Catelin Drey (born 1987/1988) is an American politician. A member of the Democratic Party, she is a member of the Iowa Senate from the first district. She won a special election to the Iowa Senate in 2025.

== Early life and career ==
Drey is from North Dakota. She moved to Sioux City, Iowa, to attend Morningside University. Drey founded Moms for Iowa, a grassroots parent-led advocacy organization, and has been involved in various local organizations and charities, serving as a past president of the Siouxland Growth Organization.

== Political career ==
In June 2025, incumbent state senator Rocky De Witt died of cancer, and a special election was called for August 26 later that year. Drey announced a campaign focused on accessible childcare, funding public education, protecting bodily autonomy, and supporting economic equality.

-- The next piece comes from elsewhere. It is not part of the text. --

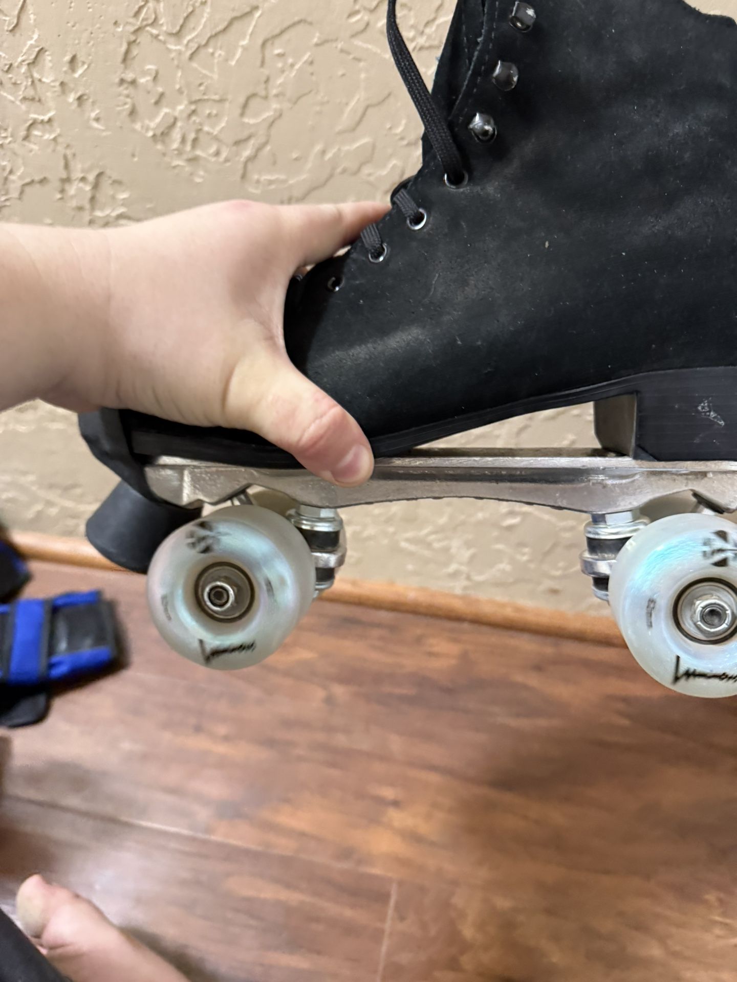 Size 11 boardwalk skates and accessories! Everything listed is included. Everything is used though in very well taken care of. You get the base wheels and light up wheels are currently on the skates.

She faced Republican nominee Christopher Prosch, and won by a 10-point margin. She also received more financial support than Prosch, with $260,000 in total funds, including $165,000 in campaign contributions, compared to Prosch total of $181,000, including $20,000 via donors. Drey's victory in the special election ended the supermajority Iowa Senate Republicans had previously held. She also expressed interest in running for a full four-year term.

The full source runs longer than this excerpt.